"Nordwand" im Kino: „Ich hab vor gar nix Schiss“

(c) Filmladen
  • Drucken

Zur Verfilmung der spektakulären Eiger-Tragödie von 1936 und dem „Neuen Bergfilm“. Ein Einspruch.

Der Tod von Toni Kurz ist eine der spektakulärsten Tragödien in der Geschichte des Alpinismus: Der junge deutsche Gebirgsjäger startet am 18.Juli 1936 mit seinem Kameraden Andreas Hinterstoisser einen Versuch zur Erstdurchsteigung der Eiger-Nordwand. Der Schlüssel zum Aufstieg ist Hinterstoissers Technik des Seilzugquergangs: So kommt er über eine glatte, gut 30 Meter breite Platte und spannt ein Seil, an dem sich Kurz nachhangelt – wie die österreichischen Konkurrenten Edi Rainer und Willy Angerer, die zu den zwei Deutschen aufgeschlossen haben.

Das Seil zieht Hinterstoisser wieder ab – den von Wetter und Unglück gestoppten Alpinisten bleibt der Rückweg fatal versperrt.

Erst verletzt Steinschlag Angerer, woraufhin Zusammenschluss zu einer Seilschaft erfolgt. Nebel umhüllt die Wand, am 19. Juli erklimmt das Quartett nur 200 Höhenmeter, am 20.Juli erreicht es das „Todesbiwak“, wo im August 1935 die Münchner Karl Mehringer und Max Sedlmayr im Schneesturm umkamen. Angerers Zustand verschlechtert sich, erzwingt die Umkehr, ein Wettersturz folgt. Am 21.Juli schneit es dauernd, nach gefährlichem Abstieg durch rutschigen Neuschnee und Steinschlag erreichen die Vier den Quergang: unpassierbar – der Fels ist vereist. Also muss über eine 100 Meter hohe Wandstufe direkt abgeseilt werden, durch die Sturzbahn von Steinen und Lawinen.

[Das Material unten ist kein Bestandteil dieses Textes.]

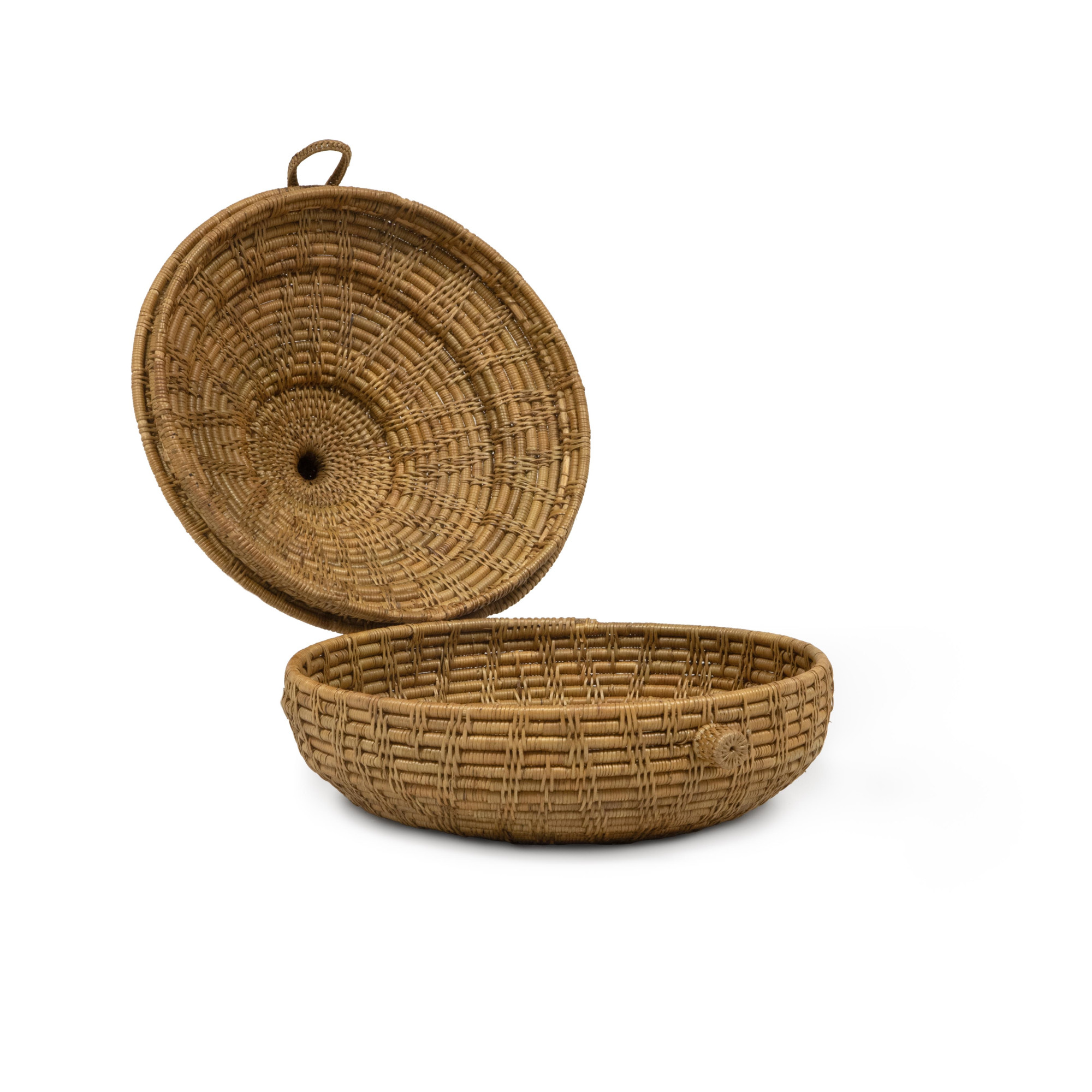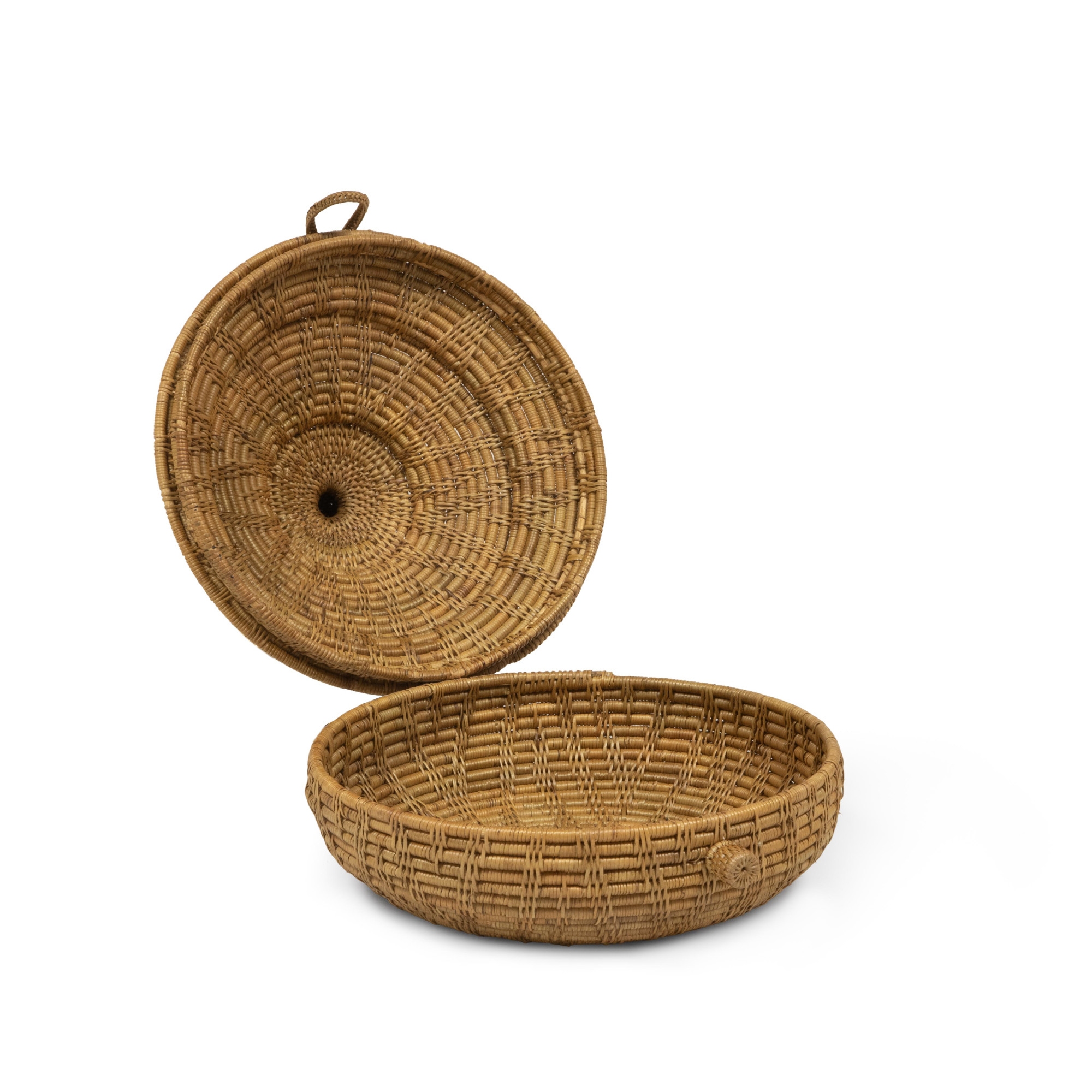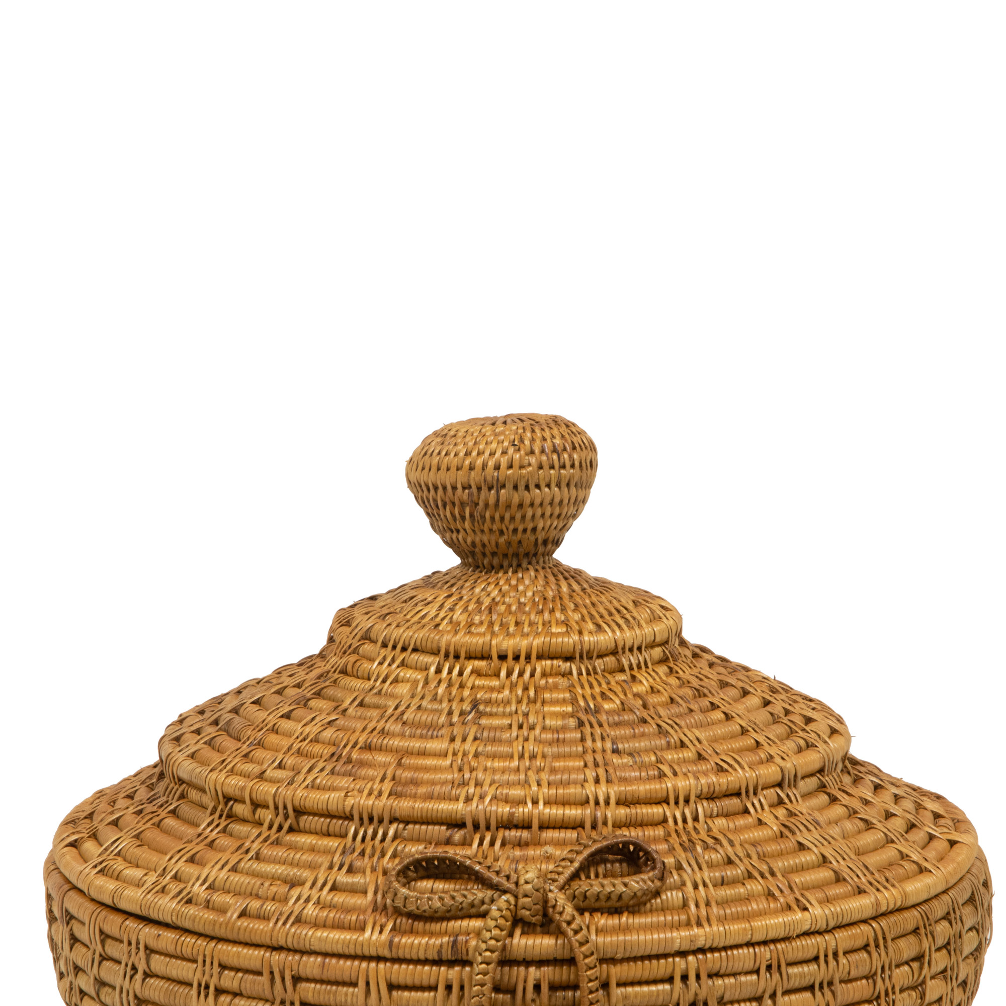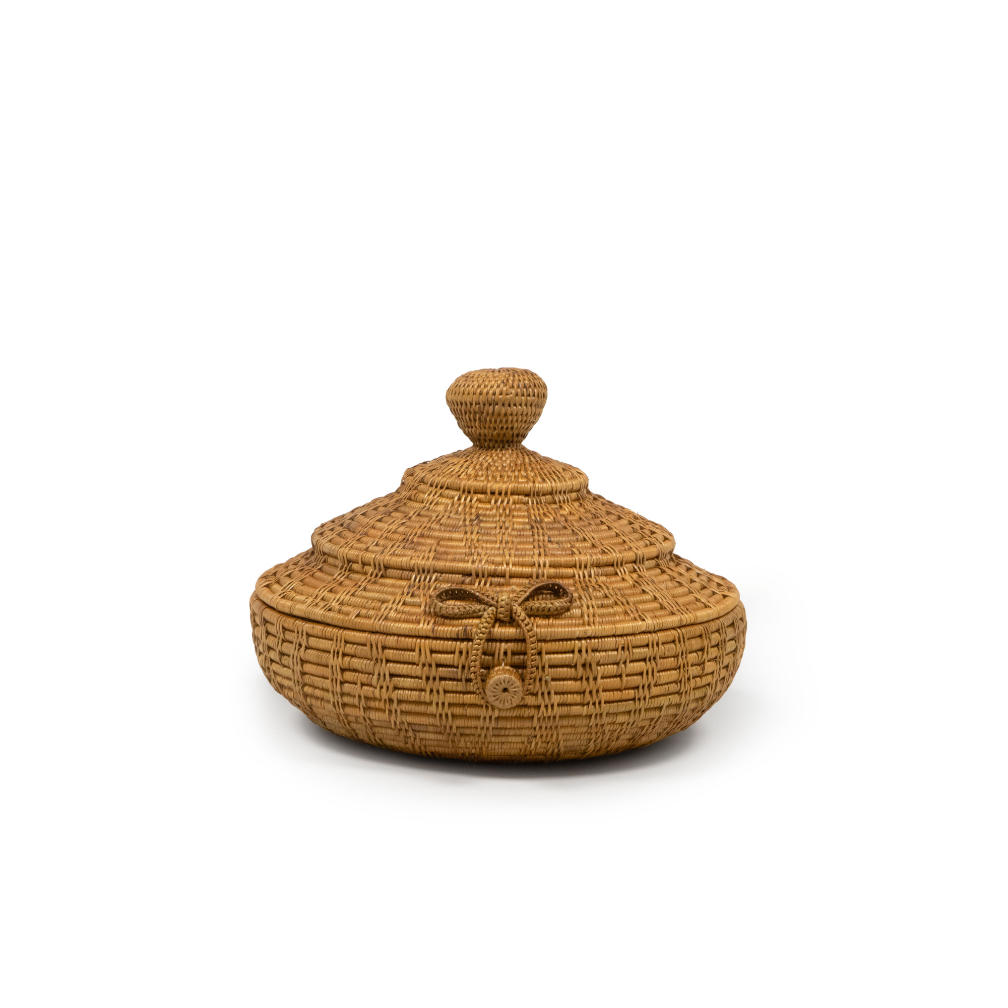 Intricately handwoven by skilled artisans, the Jakarta Weave Storage Basket with Lid celebrates the art of traditional rattan craftsmanship. The basket’s rounded silhouette is adorned with elaborate twining and plaiting patterns that bring texture and depth to its natural finish. A charming bow detail on the lid adds a touch of whimsy, while the snug-fitting top keeps your essentials neatly tucked away. Sturdy yet beautifully refined, this basket is both functional and decorative, perfect for storing small keepsakes, trinkets, perfect hostess or a housewarming present. Style it as a standalone accent on a console, nightstand, or open shelf to introduce an element of handcrafted warmth and charm to your space.

Wenige Meter vor den Rettern gestorben

Ein Lawinenabgang wird den drei Begleitern von Toni Kurz zum Verhängnis: Ein Zahnradbahn-Streckenwart hört seine Hilferufe, Schweizer Bergführer kommen – und die Nacht. Die Hilfsaktion muss auf den 22.Juli verschoben werden. Doch die Retter erreichen Kurz nicht: 40 Meter vereistes Gebirge trennen sie vom völlig entkräfteten 23-jährigen Bergsteiger. Die letzte Chance: Er muss sich abseilen. Er braucht dazu von unten ein Seil. Zum Hochziehen dreht er eine Schnur aus den Litzen von Seilresten, drei Stunden lang: Seine linke Hand ist in der Nacht erfroren. Doch das Ersatzseil ist zu kurz, ein zweites wird daran geknotet. Am Knoten bleibt aber der Karabiner, an dem sich Kurz abseilt, stecken. Er ist zu schwach zur Entlastung, stirbt binnen Minuten, nur Meter von den Bergführern entfernt, doch unerreichbar. Seine letzten Worte: „Ich kann nicht mehr.“

Es ist unmöglich, von Kurz' Ringen mit dem Tod und der absurden Verkettung tragischer Umstände, die dazu führten, nicht berührt zu sein. Aber die deutsch-österreichisch-schweizerische Koproduktion Nordwand tut ihr Bestes, um es einem zu verunmöglichen. Regisseur Philipp Stölzl wird als Multitalent beschworen. Sein Talent stellt er hier in die Dienste der Eindimensionalität, wenn auch mit Multiverwertungsfunktion: Ein glatt poliertes Produkt für die sogenannte TV-Primetime, das davor dank medial aufgeheizten Interesses mit dem Mascherl „Neuer Bergfilm“ in allen Durchlaufstationen einer Verwertungskette reüssieren soll: Kino, DVD, Buch und Roman zum Film.

Mit der Wahrheit nehmen es Stölzl und seine Koautoren im Namen der Rührstückdramaturgie nicht immer so genau: Das wäre akzeptabler, fiele die Rührung weniger künstlich aus. In einfallsloser Schwarz-Weiß-Mechanik schleppt sich die Handlung zum eigentlichen Drama des tödlichen Abstiegs.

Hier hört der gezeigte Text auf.